ACÓRDÃO 1. RELATÓRIO 1.1.

A Autoridade Tributária e Aduaneira, inconformada com a sentença do Tribunal Administrativo e Fiscal de Aveiro que julgou procedente a Impugnação Judicial que A... SGPS S.A. deduziu aos actos de liquidações adicional de Imposto Sobre o Rendimento das Pessoas Singulares (IRS) e respectivos juros compensatórios, relativos aos exercícios fiscais de 2008, 2009 e 2010, interpôs o presente recurso jurisdicional.

1.2.

Tendo alegado, formulou, a final, as seguintes conclusões: «I. Constitui jurisprudência reiterada e uniforme que, estando em causa normas de cariz processual, as mesmas são de aplicação imediata, nos termos do disposto no n.º 3 do artigo 12.º da LGT.

  1. À luz da mencionada jurisprudência, o n.º 3 do artigo 63.º do CPPT deverá considerar-se revogado, com efeitos a partir de 01.01.2012, por força da Lei do Orçamento de 2012 e é de aplicação imediata às situações em curso.

  2. Tal como vem expressamente reconhecido na douta sentença recorrida, a instauração do procedimento de aplicação da disposição antiabuso ocorreu após a entrada em vigor da Lei n.º 64-B/2011, de 30 de dezembro, pelo que o artigo 63. ° do CPPT, na sua nova redação que suprime o prazo de 3 anos, tendo natureza procedimental, é imediatamente aplicável, mesmo no caso de visar factos tributários ocorridos nos anos de 2008, 2009 e 2010.

  3. A fixação do prazo de 3 anos agora eliminado na nova redação do artigo 63.º do CPPT, não implica a constituição de um direito na esfera jurídica do sujeito passivo, mas tão só a extinção de um direito potestativo - de abertura do procedimento de aplicação de norma antiabuso - na esfera jurídica do sujeito ativo.

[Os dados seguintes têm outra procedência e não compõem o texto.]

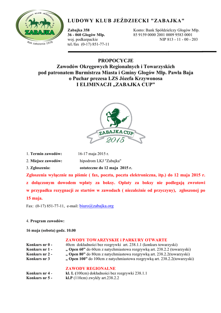 LUDOWY KLUB JEŹDZIECKI "ZABAJKA" Zabajka 358 36 - 060 Głogów Młp. woj. podkarpackie tel./fax (0-17) 851-77-11 Konto: Bank Spółdzielczy Głogów Młp. 85 9159 0000 2001 0009 9583 0001 NIP 813 - 11 - 00 - 203 PROPOCYCJE Zawodów Okręgowych Regionalnych i Towarzyskich pod patronatem Burmistrza Miasta i Gminy Głogów Młp. Pawła Baja o Puchar prezesa LZS Józefa Krzywonosa I ELIMINACJI „ZABAJKA CUP” 1. Termin zawodów: 16-17 maja 2015 r. 2. Miejsce zawodów: hipodrom LKJ "Zabajka" 3. Zgłoszenia: ostateczne do 12 maja 2015 r. Zgłoszenia wyłącznie na piśmie ( fax, poczta, poczta elektroniczna, itp.) do 12 maja 2015 r. z dołączonym dowodem wpłaty za boksy. Opłaty za boksy nie podlegają zwrotowi w przypadku rezygnacji ze startów w zawodach ( niezależnie od przyczyny), zgłoszonej po 15 maja. Fax: (0-17) 851-77-11, e-mail: [email protected] 4. Program zawodów: 16 maja (sobota) godz. 10.00 Konkurs nr 0 Konkurs nr 1 Konkurs nr 2 Konkurs nr 3 ZAWODY TOWARZYSKIE i PARKURY OTWARTE 40cm dokładności bez rozgrywki art. 238.1.1 (konkurs towarzyski) „ Open 60” do 60cm z natychmiastowa rozgrywką art. 238.2.2 (towarzyski) „ Open 80” do 80cm z natychmiastowa rozgrywką art. 238.2.2(towarzyski) „ Open 100” do 100cm z natychmiastowa rozgrywką art. 238.2.2(towarzyski) Konkurs nr 4 Konkurs nr 5 - ZAWODY REGIONALNE kl. L (100cm) dokładności bez rozgrywki 238.1.1 kl.P (110cm) zwykły art.238.2.2 Konkurs nr 6 - kl. N (120cm) dwufazowy art. 274.5.3. 17 maja (niedziela) godz.9,30 ZAWODY TOWARZYSKIE i PARKURY OTWARTE Konkurs nr 0 40cm dokładności bez rozgrywki art. 238.1.1 (konkurs towarzyski) Konkurs nr 7 „ Open 60” do 60cm z natychmiastowa rozgrywką art. 238.2.2 (towarzyski) Konkurs nr 8 „ Open 80” do 80cm z natychmiastowa rozgrywką art. 238.2.2( towarzyski) Konkurs nr 9 „ Open 100” do 100cm z natychmiastowa rozgrywką art. 238.2.2( towarzyski) Konkurs nr 10 Konkurs nr 11 Konkurs nr 12 - ZAWODY REGIONALNE kl. L (100cm) dokładności bez rozgrywki 238.1.1 kl.P (110cm) dwufazowy art. 274.5.3. kl. N (120cm) zwykły z rozgrywką art.238.2.2 MEMORIAŁ MARKA MISAKIEWICZA IIIIII- 500zł 300zł 200zł KONKURSY 1,2,3,7,8,9 zaliczane do I eliminacji „ZABAJKA CUP” Pozostałe konkursy to zawody regionalne Sobota GODZINA 20.00 OGNISKO DLA WSZYSTKICH ZAWODNIKÓW, TRENERÓW, LUZAKÓW, SZEFÓW EKIP, WŁAŚCICIELI KONI 6. OPŁATY Opłaty za start - tylko w „ZABJKA CUP” opłata od zawodnika 100zł + boks 50zł od konia za całe zawody - „ZABAJKACUP” + PARKURY OTWARTE+ ZAWODY REGIONALNE opłata od zawodnika 150zł + boks 50zł od konia za całe zawody - ZAWODY REGIONALNE opłata od zawodnika 150zł + boks 50zł od konia za całe zawody - tylko PARKURY OTWARTE opłata za zawodnika 80zł + boks 50zł od konia za całe zawody - start za 1 dzień zawodów ( „ZABAJKA CUP” lub PARKURY OTWARTE lub „ZABAJKA CUP” + PARKURY OTWARTE + ZAWODY REGIONALNE ) 100zł od zawodnika (w tym boks) Boksy przygotowane 15 MAJA 2015r., godz. 16.00. Wpłaty można przelać na konto Bank Spółdzielczy Głogów Młp. 85 9159 0000 2001 0009 9583 0001 Opłata organizacyjna musi być uregulowana na godzinę przed rozpoczęciem pierwszego konkursu. W przypadku nieuregulowania opłat, do startu nie zostanie dopuszczona cała ekipa. - cisza nocna w stajni od godz. 22.00 – 6.00 - prosimy o przestrzeganie przepisów BHP i p.poż. 7. Zakwaterowanie: Zawodnicy, szefowie ekip, trenerzy, luzacy – noclegi na własny koszt. Można dokonać rezerwacji w LKJ „Zabajka”: -stare domki 2- osobowe: cena 25 zł od osoby z własnymi śpiworami; -nowe domki 2-osobowe: cena 35 zł od osoby. -w 6 pokojach gościnnych po 45zł/os. - Hotel „Trzy Korony” Rudna Mała 2c, 36-060 Głogów Młp.; tel. (17) 7411214 - Hotel „Lider” Głogów Młp. ul. Piekarska 2; tel. (0-17) 851-70-25 - "Oaza" Głogów Młp.; tel. (017) 8517273 Wyżywienie: We własnym zakresie w Barze MUSTANG na terenie zawodów. 8. Warunki techniczne: zawody odbywać się będą na terenie otwartym tor konkursowy, wymiary: 70 x 80 [m]– podłoże piaszczysto-trawiaste rozprężania, wymiary: 35 x 70 [m] – podłoże piaszczyste 9. Klasyfikacja ogólna: - flots dla 25% startujących w konkursie, - po każdym konkursie odbędzie się dekoracja zwycięzców. 10. Zebranie techniczne: nie przewiduje się zebrania technicznego Sprawdzanie dokumentów koni i zawodników odbędzie się w biurze zawodów w dniu 16maja 2014 r. ( sobota). 11. Uczestnictwo: W „ZABAJKA CUP”: Zgodnie z Regulaminem http://www.zabajka.org/wp-content/uploads/2014/03/zabajka_cup_2014.pdf W PARKURACH OTWARTYCH: Mogą startować zawodnicy / konie posiadające aktualne szczepienia oraz ważne badania sportowe zawodników, ubezpieczenie NNW, dla niepełnoletnich zgoda rodziców. 12. Osoby oficjalne: Komisja sędziowska: Przewodniczący WZJ: Komisarz: E.Brodecka A.Kloc B.Galuba III: B.Winiarska, A.Podolak Gospodarz toru A. Galuba Lekarz weterynarii dr Jacek Sołtyski, Tel.: 500 049 955 13. Informacje ogólne: Odpowiedzialność: Organizatorzy nie ponoszą odpowiedzialności z tytułu wypadków i zachorowań trenerów, zawodników, luzaków i koni, jak również w przypadku kradzieży, zniszczeń, pożarów i innych wydarzeń wynikłych w czasie transportu i trwania zawodów. Organizacja zawodów: W nadzwyczajnych okolicznościach nieprzewidzianych przepisami, organizator zastrzega sobie prawo do odwołania zwodów. Ubezpieczenie: Przypominamy o obowiązkowym ubezpieczeniu NNW zawodników oraz aktualnych badaniach zawodników. Wstęp do stajni: Poza osobami oficjalnymi, prawo wstępu do stajni mają tylko: szefowie ekip, trenerzy, zawodnicy, luzacy, właściciele koni. 14. Listy startowe: Dokonanie zmian na listach startowych (po ich wywieszeniu) za zgodą Sędziego Głównego – 0 zł. 15. Protesty i skargi (art. 65 i art.66 Przepisów ogólnych PZJ) Każdy protest i skarga, ażeby były ważne, muszą być zgłoszone na piśmie z dołączeniem kaucji w wysokości 20

  4. Destarte, da consagração do novo texto legal do artigo 63.º do CPPT não resulta qualquer contração quanto às garantias, direitos ou interesses dos administrados, porquanto se mantiveram incólumes todas as prerrogativas que a lei original entendeu consagrar, como sejam a participação do contribuinte através do exercício do direito de audição prévia (com um prazo bem mais alargado do que o prazo geral previsto no artigo 60.º da LGT), a decisão de aplicação da norma e os especiais requisitos de fundamentação da mesma, a necessidade de uma decisão de autorização prévia para aplicação das disposições antiabuso (o que implica que tal decisão não seja tomada de modo perfunctório, obrigando-se a Administração Tributária a um crivo preliminar por parte do dirigente máximo do serviço), bem como a impossibilidade de aplicação de tais normas em caso de ter sido solicitada informação vinculativa por parte do contribuinte.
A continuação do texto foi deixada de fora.